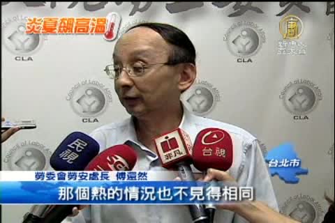 【新唐人亞太台2012年7月10日訊】氣溫不斷飆高,在戶外從事工作的民眾壓力真的很大,為了保護勞工的身體健康,勞委會證實正在和氣象局評估「熱浪假」的可能性。不過目前全球高溫下,大部分國家對高溫假並沒有制式的作法,倒是中國有所謂高溫津貼,對戶外工作的勞工有補助。
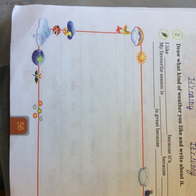 I like the sunny weather.You can do a lot of things:ride a bike,go out with friend and have fun outside.I cant stand hot weather,usually in summer i always want to drink and i cant stay much time outside because its immposible.I think the sunny weather is the best not so cold and not so hot.You dont have headache and you enjoy the weather!
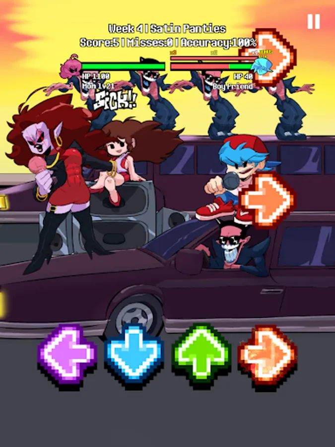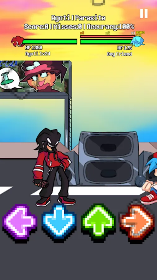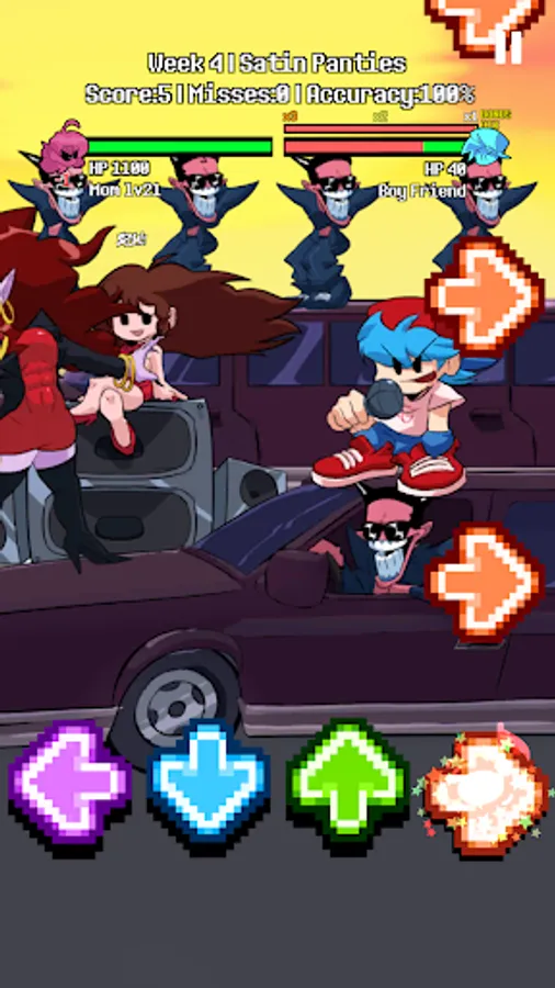 It is really easy to play this game. You just need to finish missions. Try your best to beat your enemies like FNF gameplay by using right arrows up, down, left, and right at every mission place. Keep up that good work to the end! Then, Dad of your Girl friend will let you hang out with her little girl whole night.
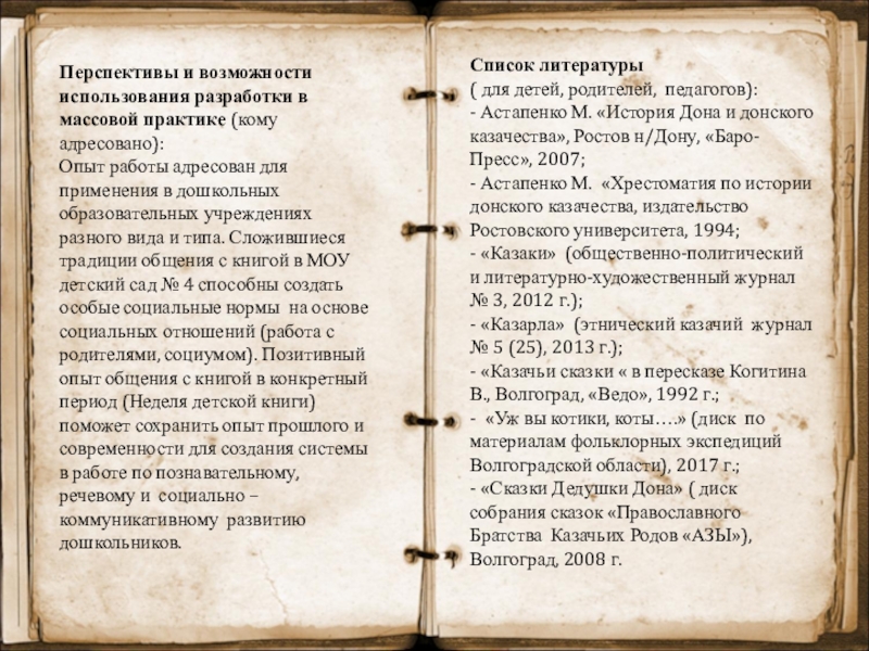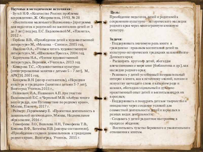 - развит устойчивый интерес участников образовательных отношений к традициям общественного и семейного воспитания казаков Волго-Донского края через книжную культуру;

**Task directions**
The answer should consist only of the lines above from the one with "I like the sunny" through the one with "It is really", repeated exactly, with no pictures among them.

**Task response**
 I like the sunny weather.You can do a lot of things:ride a bike,go out with friend and have fun outside.I cant stand hot weather,usually in summer i always want to drink and i cant stay much time outside because its immposible.I think the sunny weather is the best not so cold and not so hot.You dont have headache and you enjoy the weather!
 It is really easy to play this game. You just need to finish missions. Try your best to beat your enemies like FNF gameplay by using right arrows up, down, left, and right at every mission place. Keep up that good work to the end! Then, Dad of your Girl friend will let you hang out with her little girl whole night.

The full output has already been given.